Rather then jump in with gas bikes, I thought perhaps these electric ones would be a good start. Neither boy has ridden a motorcycle before, but they have been on bicycles for ever.

Looking for some input from anyone that has one..

Here is a link and a pictures of the bikes.

Razor MX650










Razor MX500


----------



## prankster (Dec 20, 2007)

hello oc. i see from your post settings that your boys are 12 and 9.my father got me in to riding dirt bikes when i was 4.in my opinion and from what i have see of these kinda bikes and at there price you might be better of going for a couple of used gas trail motorcycles.reasons why,1-easy to get parts for the gas,2- when the oldest out grows his you can pass it to the younger,3- last longer and take more punnishment(boys will be boys).i dont know your financial situation but you might even consider looking at a package deal from a local bike shop,( honda/yamaha seem to have the better trail style bikes,i seem to get the hint that your family likes the outdoors with out disturbing nature)also a package deal might allow YOU to also get a bike to enjoy the fun with your boys. if new is out of the question try looking for a couple of used bikes.id say a 100cc for yor 12 and an 80cc for your 9.
just my 2cents hope it helps


----------



## 4ME (Sep 11, 2006)

If you camp in remote locations how are you going to re-charge the batteries when the kids run them down?
I would opt for gas too.


----------



## Y-Guy (Jan 30, 2004)

Jim,

IMHO you would be better served to buy a used Honda mx bike to learn on. The max range of these when new is 10 miles and like 4me said what about recharging? These are sold or were sold at Toys-r-us. Not sure about replacement parts, etc of these things.

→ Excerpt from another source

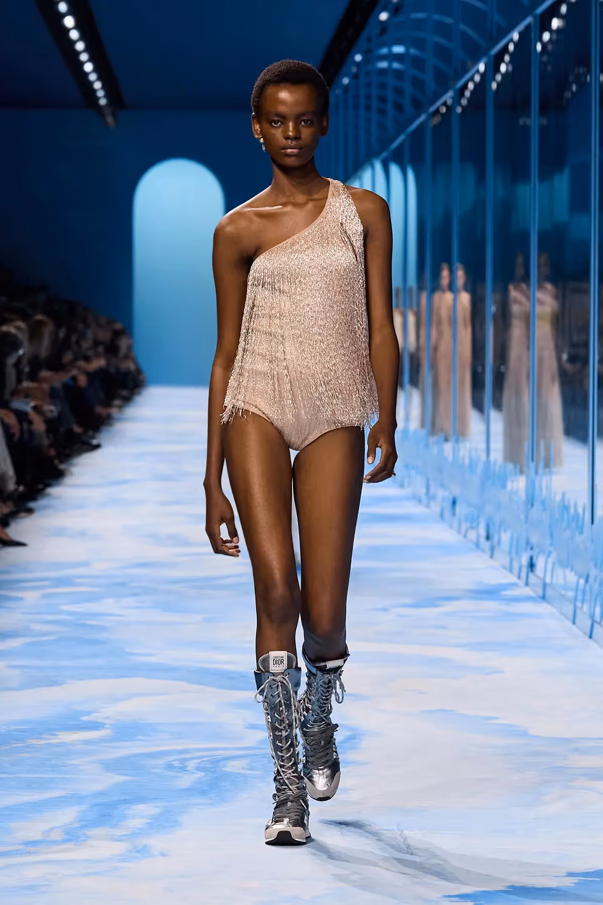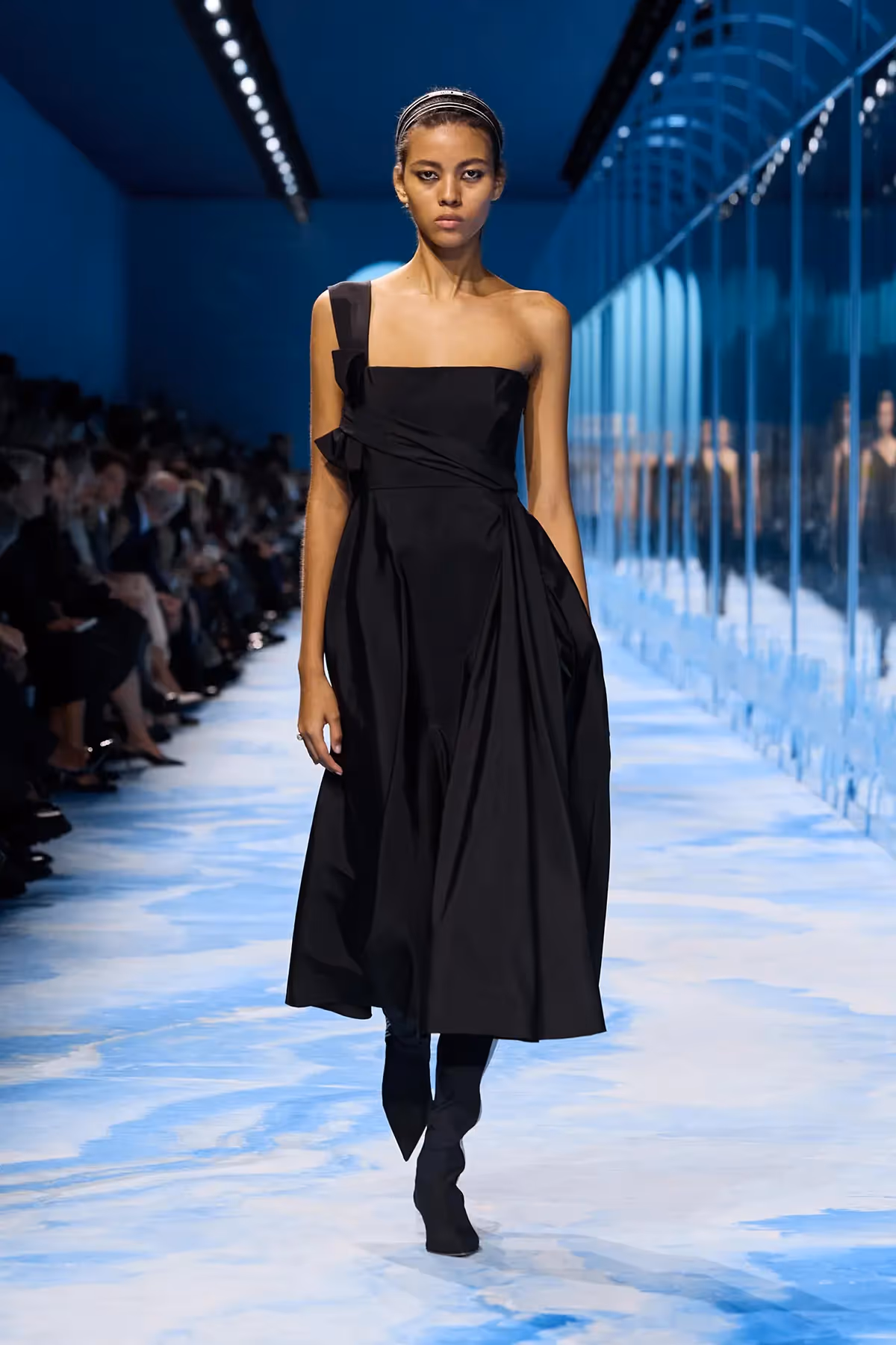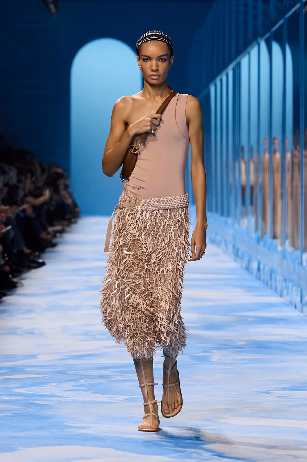 هدفت "ماريا غراتسيا كيوري" في مجموعة الألبسة الجاهزة من "ديور" Dior لربيع وصيف 2025 إلى إعادة تعريف معنى اللباس، وكأنّ كل تصميم قد أُعطيَ الفرصة ليبوح بقِصّته ويكشف عن الجهد الحرفي الدؤوب الذي سبق تشكيله. ومن خلال تخطّي الحدود الفاصلة بين القطعة النهائيّة والعملية الإبداعيّة، تسعى المديرة الإبداعيّة للعودة إلى جذور الأزياء، مسلّطةً الضوء على العلاقة التي تربط الجسد بالملابس التي تكسوه، مع تحقيق الانسجام بين الرؤية والوظيفة. ومن هذاالمنطلق، جمعت "ماريا" قصّات مختلفة من الأرشيف وأعادت ابتكارها، بدءاً بفستان "أمازون" Amazon الذي صمّمه"كريستيان ديور" لموسم خريف وشتاء 1951-1952، فقد استحضرت من خلاله تلك الشخصية الأنثويّة الأسطوريّة، المعروفة بقوّة روحها، ليكون بذلك نقطة مرجعيّة لمفهوم الأنوثة المستقلّة والشجاعة.

Are the boys over the age of 7 now? The regs on these bikes I assume would fall under the same regs at a gas powered, which will limit where you can ride them.


----------



## Oregon_Camper (Sep 13, 2004)

4ME said:


> If you camp in remote locations how are you going to re-charge the batteries when the kids run them down?
> I would opt for gas too.


I have a small (won't run AC) Coleman 1850 generator.


----------



## Y-Guy (Jan 30, 2004)

8 hour charge time for 40-60 minutes of ride.


----------



## raynardo (Jun 8, 2007)

Even Pep Boys sells smaller gas-powered motorcycles. I believe that the electric bikes are for riding around the neighborhood, while gas bikes really do run in the boonies.

Even I have a Yamaha scooter!


----------



## Oregon_Camper (Sep 13, 2004)

Thanks for the sanity check....I'll look into some gas bikes for the kids.


----------



## California Jim (Dec 11, 2003)

JIIIIIMMMMMMM. COME TO THE DARK SIIIIIIIIIIDE.


















That there's a SLIPPERY slope!


----------



## Oregon_Camper (Sep 13, 2004)

Already crossed my mind....

This is the exact reason I was able to get Y-Guys Outback..he fell down that slipper slope and now look where he is.


----------